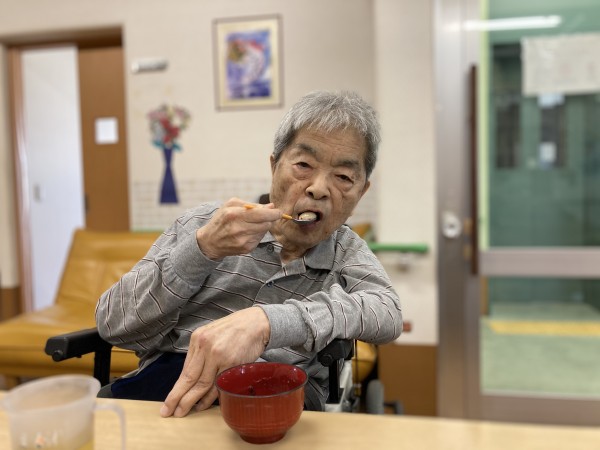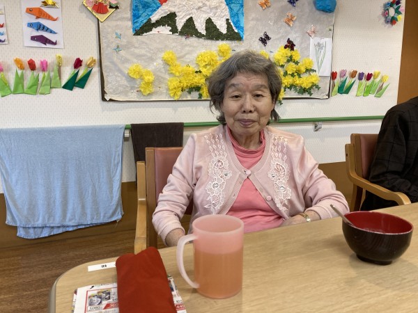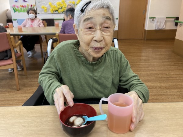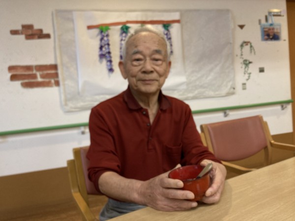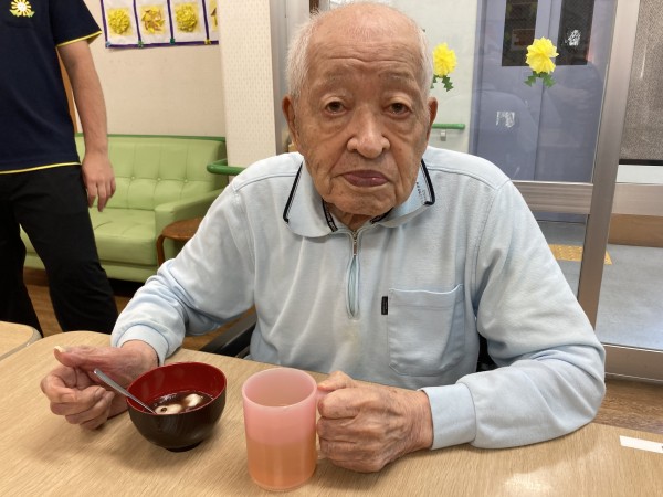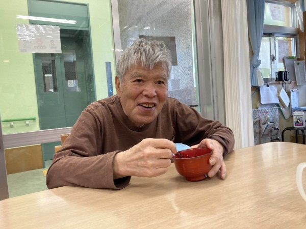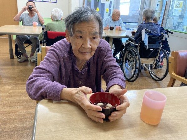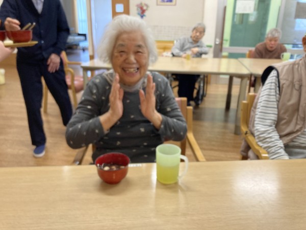 「今日のおやつは、皆様の大好きな、ぜんざいですよ~❤」と声掛けすると
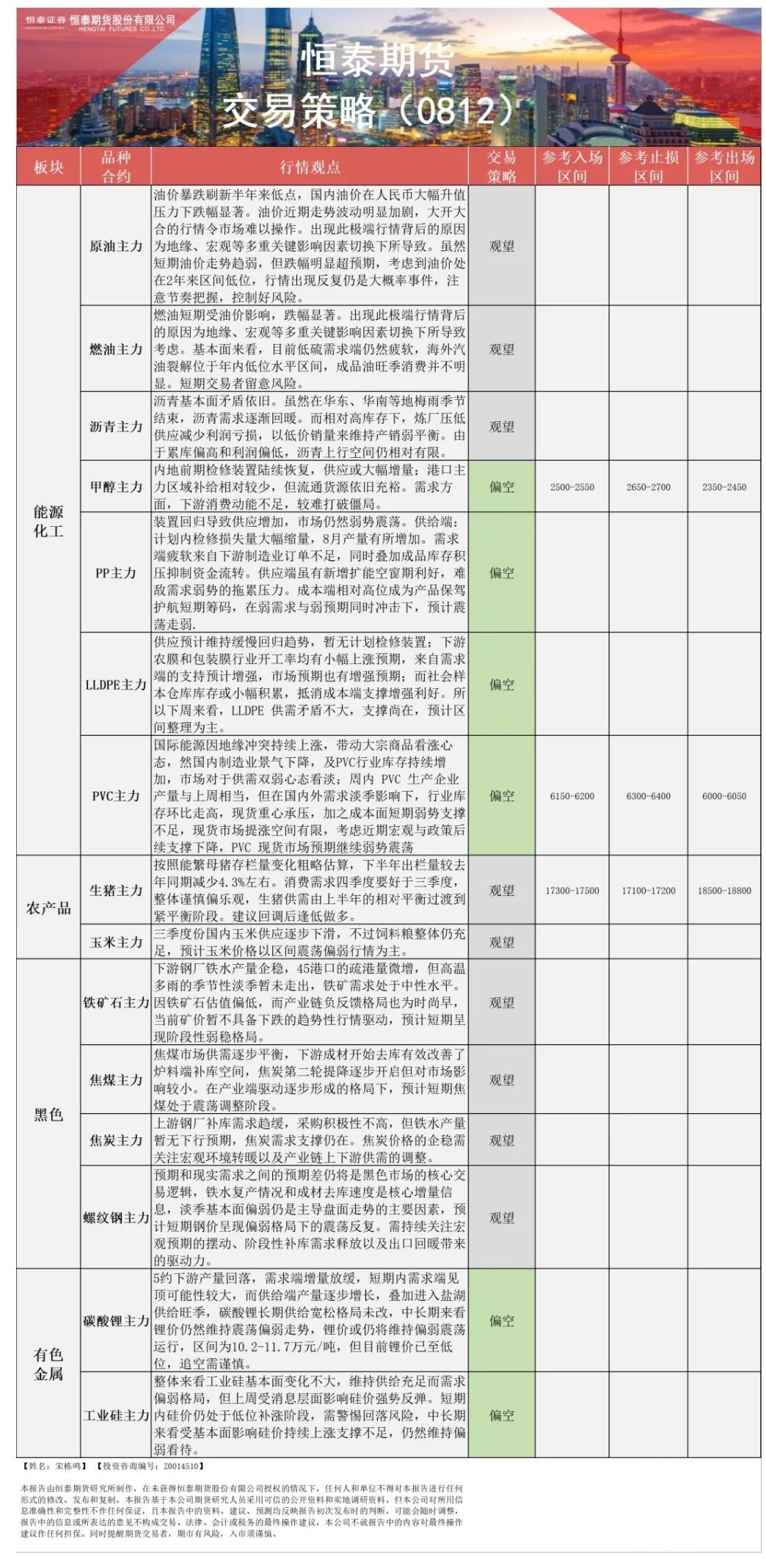标题:【恒泰早报】8月12日恒泰期货交易策略
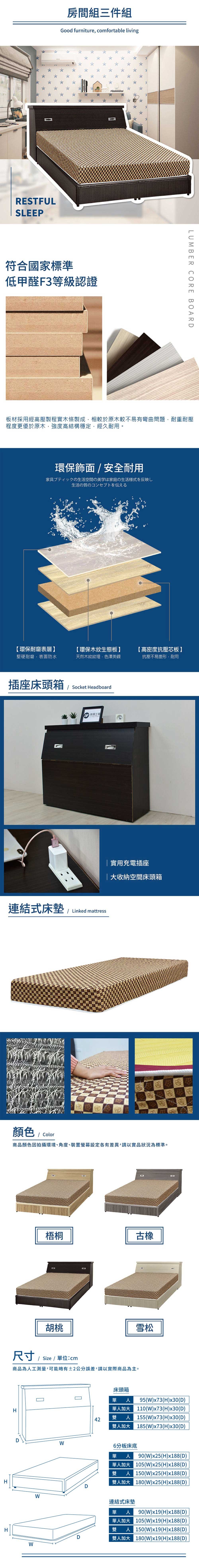 傢俱工場-簡約風 插座房間三件組(床頭+六分床底+床墊)-單大3.5尺梧桐
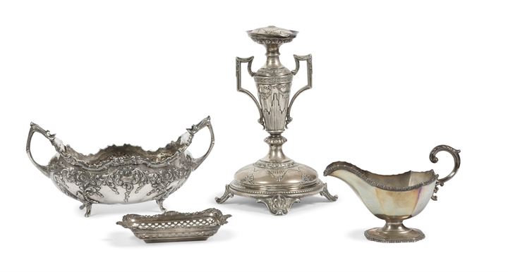 Composto da una salsiera, un centrotavola e un piattino traforato 925/1000; un'alzata sbalzata con manici
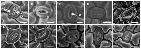 Figure 6. Stomata micrographs under scanning electron microscope in ten wild tree peonies, all abaxial. (A) P. qiui; (B) P. decomposita; (C) P. jishanensis; (D) P. ostii; (E) P. delavayi; (F) P. lutea; (G) P. potanini; (H) P. rockii; (I) P. ludlowii; (J) P. cathayana. Abbreviations: sg: subsidiary cell; gc: guard cells; st: stomatal pore. (bar = 10 μm).
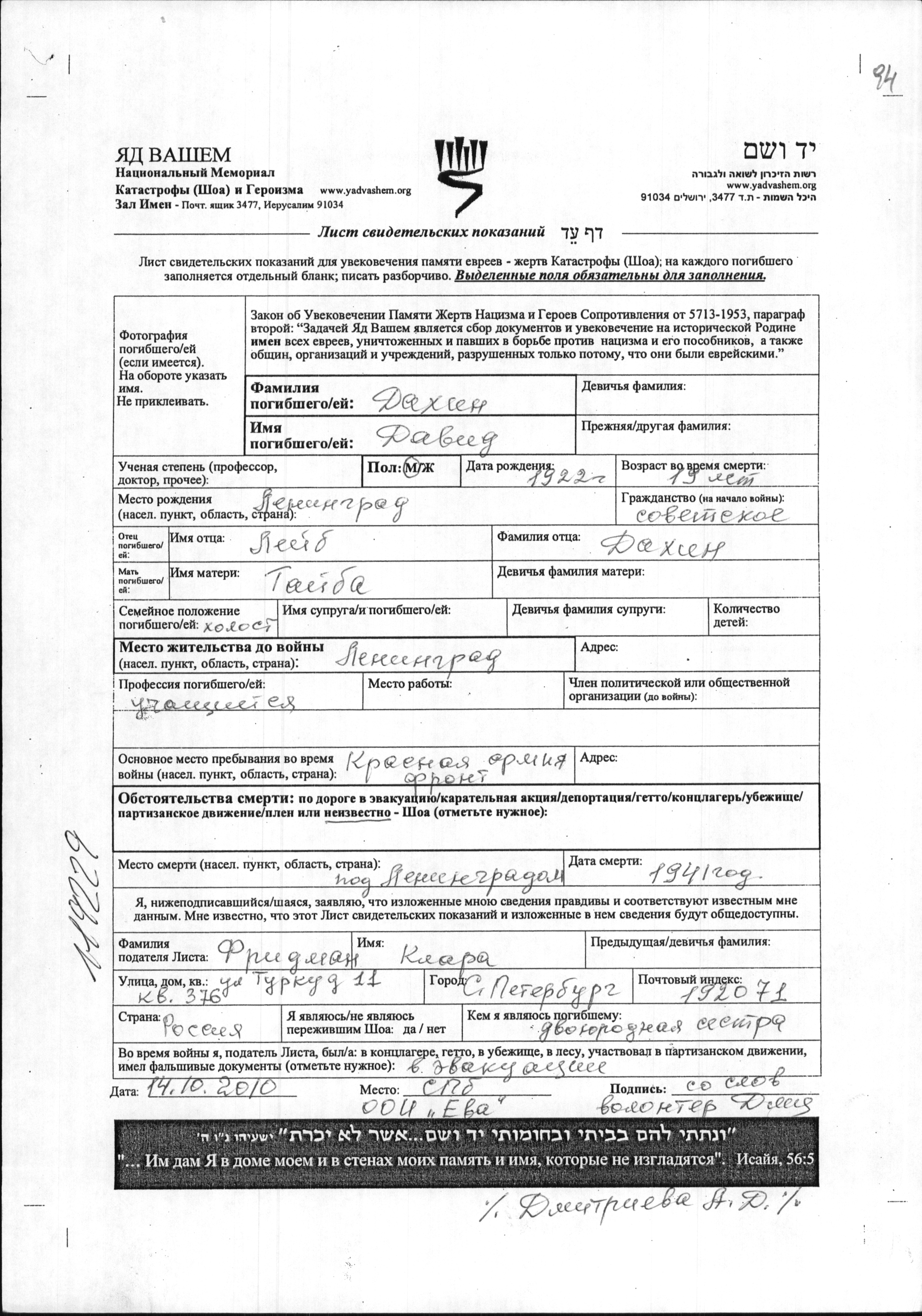Dakhin David 1922 Leningrad, Russie (URSS) Feuille de témoignage
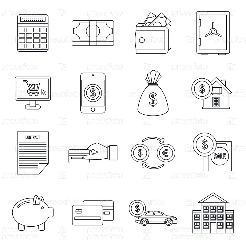 Набор икон, контурный стиль Credit style
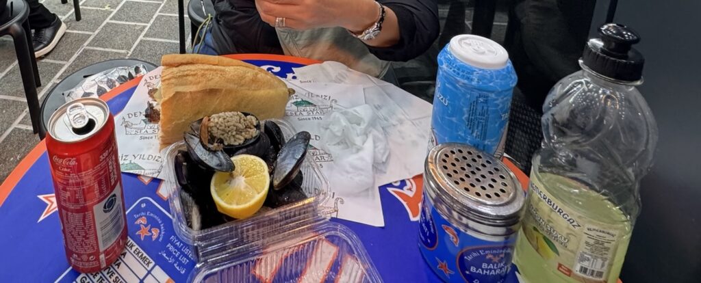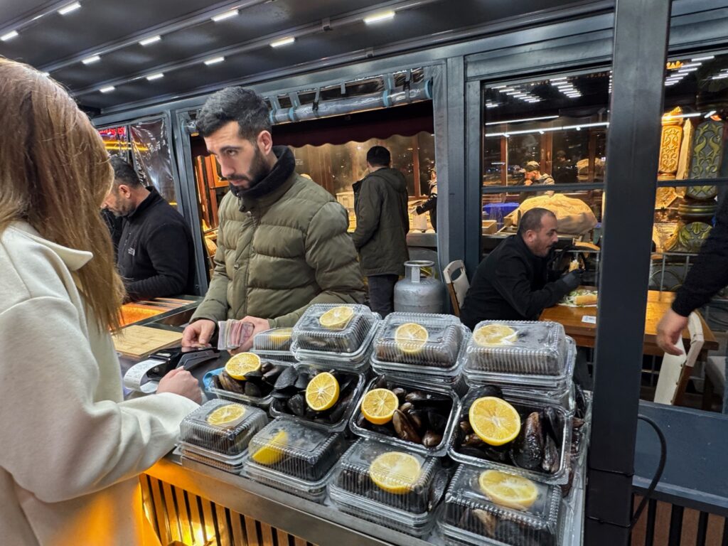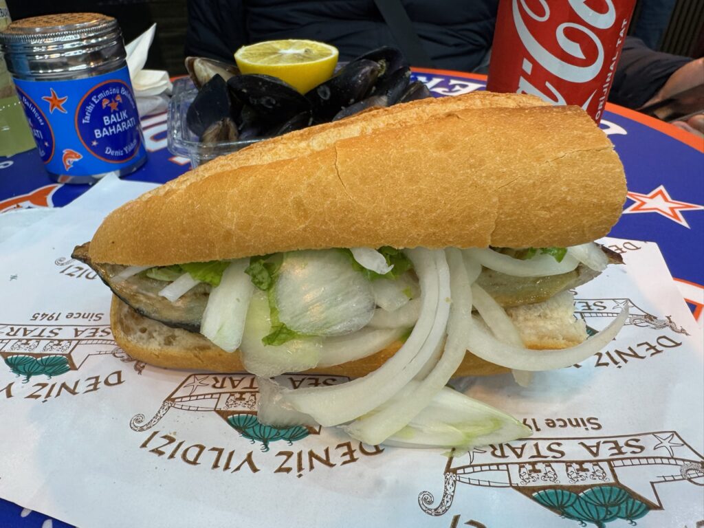 新市街側のカラキョイ魚市場周辺の常設屋台も人気で、焼きたてを安価に楽しめる定番スポットだそうです。

What the task asks
Omit the pictures and please write out exactly the lines between the one containing "Figure 6. Stomata" and the last line of the entries, both included.

Solution for this problem
 Figure 6. Stomata micrographs under scanning electron microscope in ten wild tree peonies, all abaxial. (A) P. qiui; (B) P. decomposita; (C) P. jishanensis; (D) P. ostii; (E) P. delavayi; (F) P. lutea; (G) P. potanini; (H) P. rockii; (I) P. ludlowii; (J) P. cathayana. Abbreviations: sg: subsidiary cell; gc: guard cells; st: stomatal pore. (bar = 10 μm).
Dakhin David 1922 Leningrad, Russie (URSS) Feuille de témoignage
 Набор икон, контурный стиль Credit style
 新市街側のカラキョイ魚市場周辺の常設屋台も人気で、焼きたてを安価に楽しめる定番スポットだそうです。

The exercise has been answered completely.